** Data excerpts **
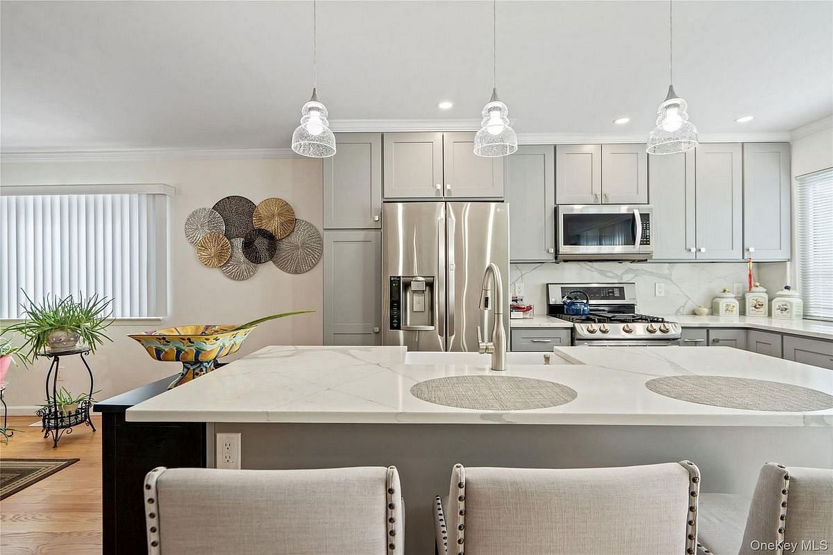 Fully renovated 2-bedroom, 2.5-bath townhouse featuring an open layout with sun-filled living and dining areas, sliding doors to a private deck, and central air. Modern kitchen with stainless steel appliances and center island. Wood floors throughout.
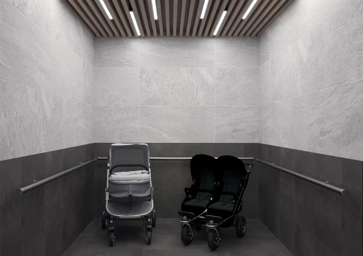 Территория комплекса включает наземный паркинг для автомобилей. Для юных жителей создана безопасная детская площадка с антитравматическим покрытием. Спортивная инфраструктура представлена воркаут-зоной с уличными тренажерами и турниками, а также веревочной пирамидой и канатным комплексом.
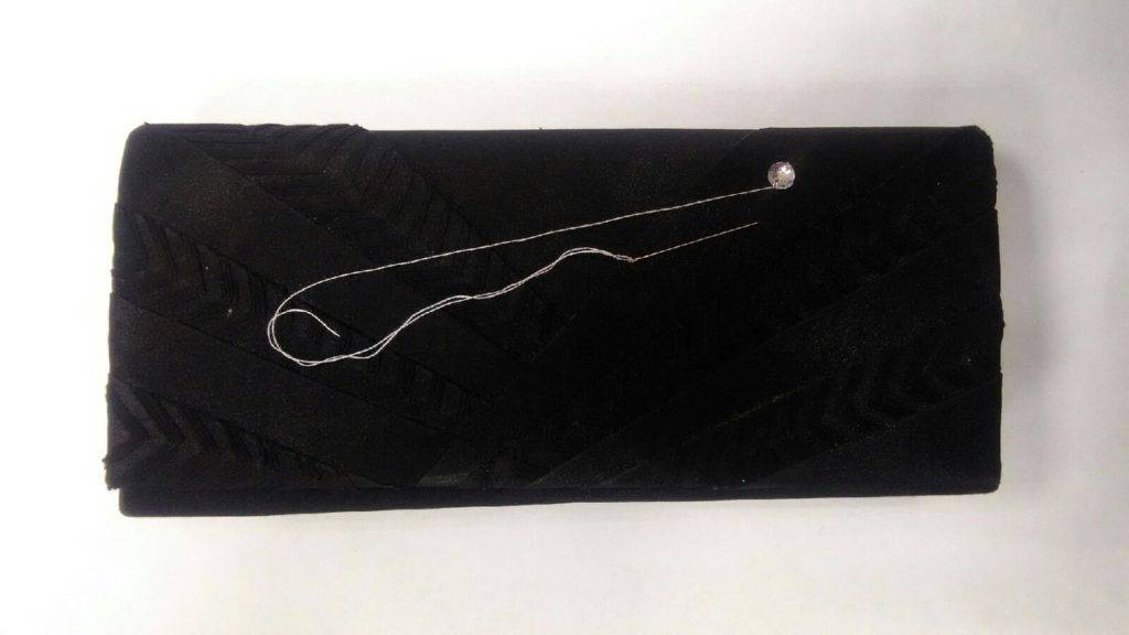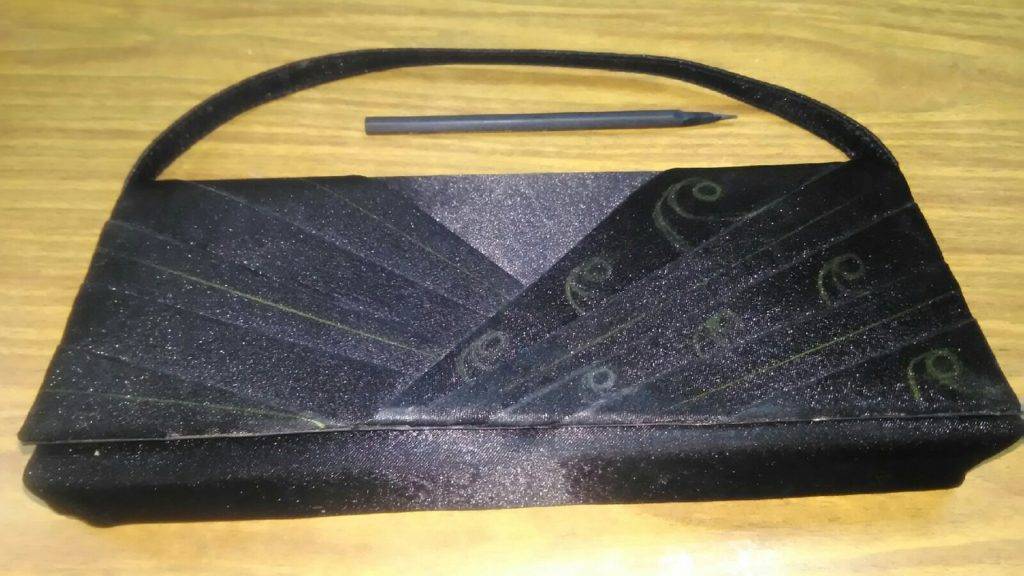 Чтобы сделать вышивку сумки еще оригинальнее, я использовала мулине черного цвета. Основная ткань аксессуара – глянцевый черный, поэтому матовость мулине придаст фактуру клатчу. Декор начала с верхнего сгиба сумки, техника вышивки – гладь. Края стежков прикреплялись в складках потайным стежком.
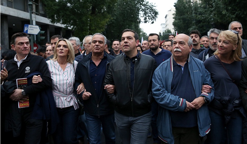 Επικεφαλής στο μπλοκ του ΣΥΡΙΖΑ ήταν ο πρόεδρος του κόμματος Αλέξης Τσίπρας, έχοντας δίπλα του τον Νίκο Βούτση, τον Πάνο Σκουρλέτη, την Ρένα Δούρου και άλλα στελέχη του κόμματος.
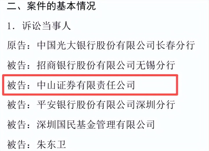 1月20日,锦龙股份发布公告称,控股子公司中山证券近日收到吉林省长春市中级人民法院《应诉通知书》(〔2026〕吉01民初7号),光大银行长春分行作为原告,以招商银行无锡分行、中山证券、平安银行深圳分行、国民基金及朱东卫作为被告,就侵权责任纠纷向吉林省长春市中级人民法院提起诉讼。

** Description of the task **
Please give a word-for-word transcript of the lines from the one holding "Чтобы сделать вышивку" through the final line of the entries, both ends kept, with no pictures.

** Solution to this problem **
 Чтобы сделать вышивку сумки еще оригинальнее, я использовала мулине черного цвета. Основная ткань аксессуара – глянцевый черный, поэтому матовость мулине придаст фактуру клатчу. Декор начала с верхнего сгиба сумки, техника вышивки – гладь. Края стежков прикреплялись в складках потайным стежком.
 Επικεφαλής στο μπλοκ του ΣΥΡΙΖΑ ήταν ο πρόεδρος του κόμματος Αλέξης Τσίπρας, έχοντας δίπλα του τον Νίκο Βούτση, τον Πάνο Σκουρλέτη, την Ρένα Δούρου και άλλα στελέχη του κόμματος.
 1月20日,锦龙股份发布公告称,控股子公司中山证券近日收到吉林省长春市中级人民法院《应诉通知书》(〔2026〕吉01民初7号),光大银行长春分行作为原告,以招商银行无锡分行、中山证券、平安银行深圳分行、国民基金及朱东卫作为被告,就侵权责任纠纷向吉林省长春市中级人民法院提起诉讼。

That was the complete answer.